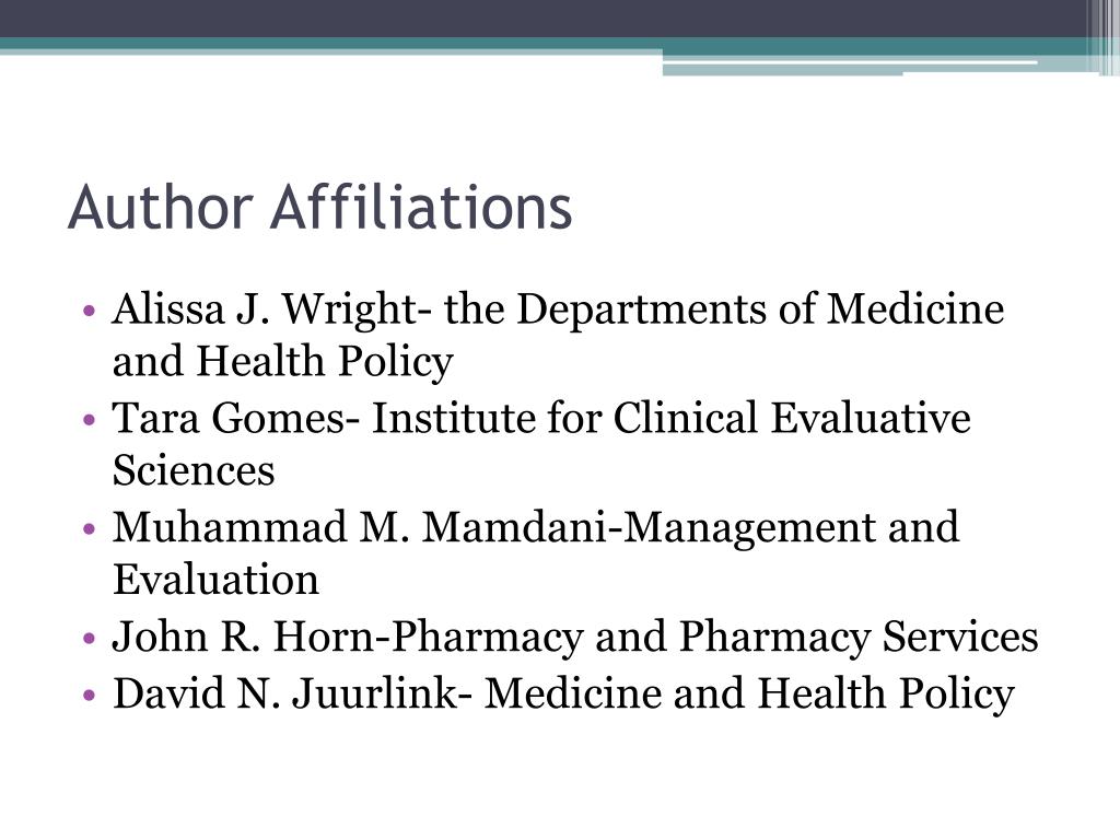 Author Affiliations • Alissa J. Wright- the Departments of Medicine and Health Policy • Tara Gomes- Institute for Clinical Evaluative Sciences • Muhammad M. Mamdani-Management and Evaluation • John R. Horn-Pharmacy and Pharmacy Services • David N. Juurlink-Medicine and Health Policy
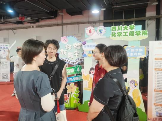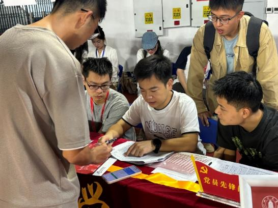 对新生的热烈欢迎和暖心关怀。此外,设置了党员先锋岗,党员学长夏有强、张涛先也在现场为新生提供关于学校概况、专业设置、校园生活等方面的咨询服务,发挥了党员的引领示范作用,弘扬志愿服务精神。
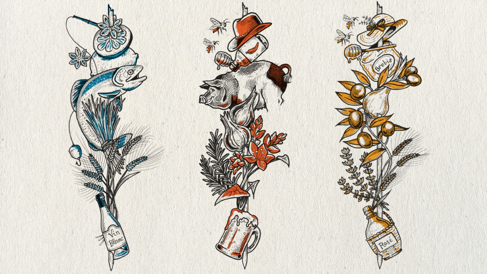 這些盒子分布在葡萄酒商店和熟食店,采用三種傳統(tǒng)設(shè)計(魚,肉和蔬菜)來象征當(dāng)?shù)?。三個圖案,三個精美插圖和“好心情”顏色編碼清晰地呈現(xiàn)了每個設(shè)計和每個互補的風(fēng)味。
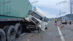 Caminhão bitrem perde o controle em curva da Rodovia SP-055, no km 255, bloqueando o sentido Leste por mais de três horas; motorista sai ileso
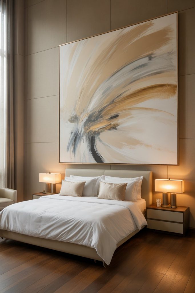 Let one oversized canvas or framed photograph define the wall decor instead of a collage. Large-scale art instantly feels luxurious and uncluttered. Choose abstract neutrals for modern calm or black-and-white portraiture for depth. Elle Décor editors say buyers now invest in single meaningful pieces, not gallery walls.

- Exercise prompt -
When you copy the data above, keep each line exact and omit the pictures.

- Solved exercise -
 Author Affiliations • Alissa J. Wright- the Departments of Medicine and Health Policy • Tara Gomes- Institute for Clinical Evaluative Sciences • Muhammad M. Mamdani-Management and Evaluation • John R. Horn-Pharmacy and Pharmacy Services • David N. Juurlink-Medicine and Health Policy
 对新生的热烈欢迎和暖心关怀。此外,设置了党员先锋岗,党员学长夏有强、张涛先也在现场为新生提供关于学校概况、专业设置、校园生活等方面的咨询服务,发挥了党员的引领示范作用,弘扬志愿服务精神。
 這些盒子分布在葡萄酒商店和熟食店,采用三種傳統(tǒng)設(shè)計(魚,肉和蔬菜)來象征當(dāng)?shù)?。三個圖案,三個精美插圖和“好心情”顏色編碼清晰地呈現(xiàn)了每個設(shè)計和每個互補的風(fēng)味。
 Caminhão bitrem perde o controle em curva da Rodovia SP-055, no km 255, bloqueando o sentido Leste por mais de três horas; motorista sai ileso
 Let one oversized canvas or framed photograph define the wall decor instead of a collage. Large-scale art instantly feels luxurious and uncluttered. Choose abstract neutrals for modern calm or black-and-white portraiture for depth. Elle Décor editors say buyers now invest in single meaningful pieces, not gallery walls.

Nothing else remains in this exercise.